Acórdão nº 134/10.3TBHRT.L1-1 de Court of Appeal of Lisbon (Portugal), 19 de Dezembro de 2017

Magistrado ResponsávelMANUEL MARQUES
Data da Resolução19 de Dezembro de 2017
EmissorCourt of Appeal of Lisbon (Portugal)

Decisão Texto Parcial:


Acordam na 1ª Secção Cível do Tribunal da Relação de Lisboa.

Relatório: I.

– Maria de ... de ..., Manuel ... de ..., Alberto Manuel ... ..., ... Maria ... e ... ... ...

, propuseram a presente acção declarativa de condenação contra Manuel da ... ...

, José ... ..., João Avelino ... e João ... ..., pedindo que se declarasse como impugnada e de nenhum efeito a escritura de justificação notarial outorgada pelo 1.ºs RR. e em que são declarantes os 2.ºs RR., por serem falsas as declarações prestadas na mesma e, em consequência, que se declare inexistente o direito de propriedade do 1.º R. sobre os prédios justificados.

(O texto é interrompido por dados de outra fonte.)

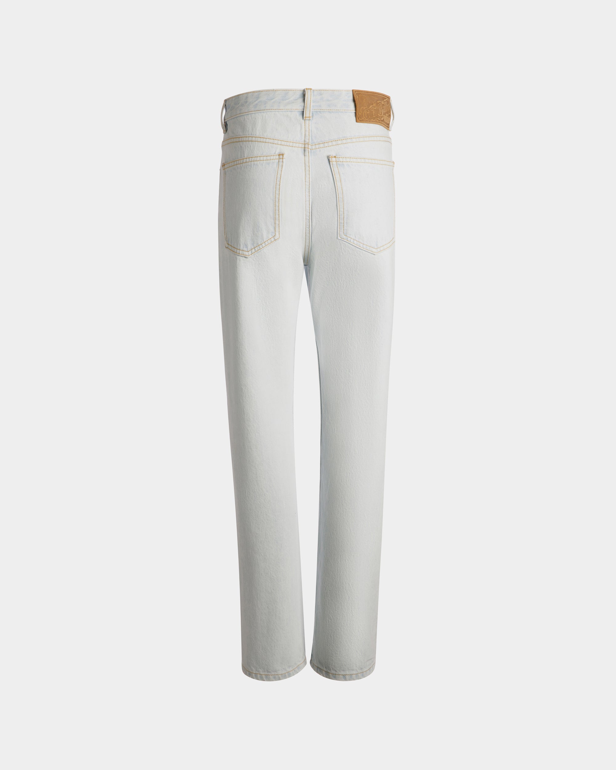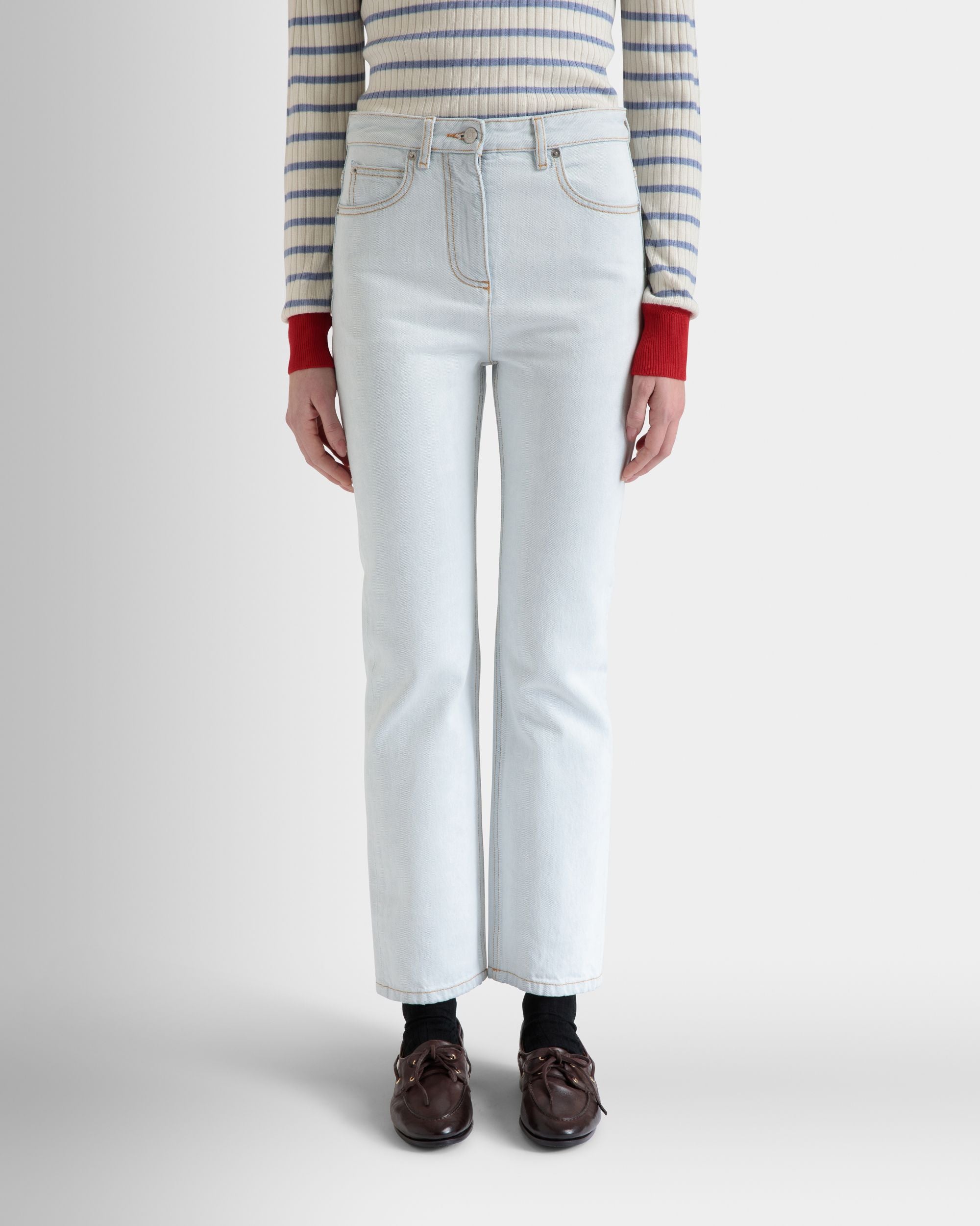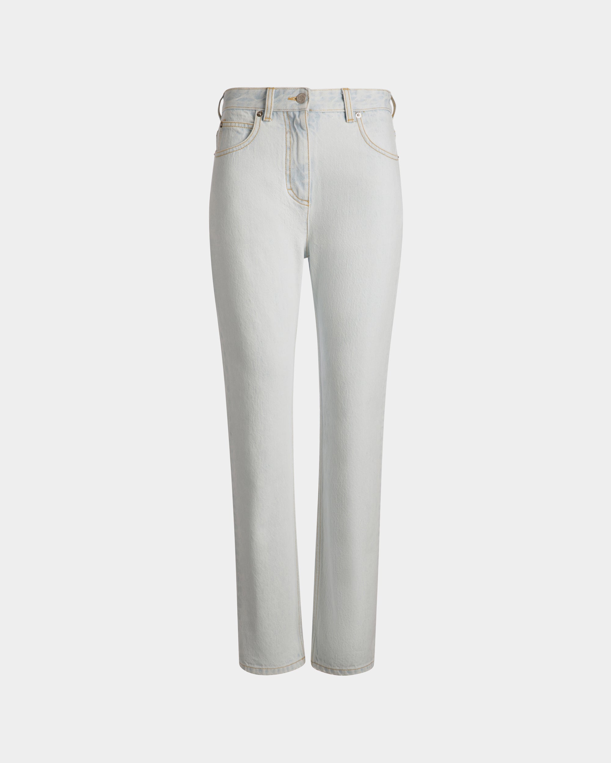 These light blue denim cotton pants have a classic straight-leg silhouette completed by five pockets.

Alegaram para tanto e em suma, que a escritura de justificação de 28-10-2009, que versou sobre a aquisição de 38 prédios, que identifica, não pode ser considerada válida porquanto a compra aludida nessa escritura não foi feita junto de todos os proprietários do prédio mas tão só e quanto muito, a um dos comproprietários; que 5/8 desses bens pertencem à herança aberta por óbito de Maria ... de ..., de quem os autores são herdeiros; e que não se verificam quaisquer dos requisitos para aquisição dos prédios por usucapião, sendo falsas as declarações aí prestadas, uma vez que o 1.º R. nunca ocupou nenhum dos prédios nem os gozou por qualquer forma e a quase totalidade esses imóveis não são gozados por ninguém a partir da crise surgida com o vulcão em 1959, tendo sido usados somente uns três ou quatro alqueires por António ... de ..., para pôr gado mas sempre em nome dos herdeiros.

Citados os RR., veio o 1.º R. contestar, alegando a excepção de ilegitimidade singular activa dos AA., por existirem outros herdeiros de Maria ... de ....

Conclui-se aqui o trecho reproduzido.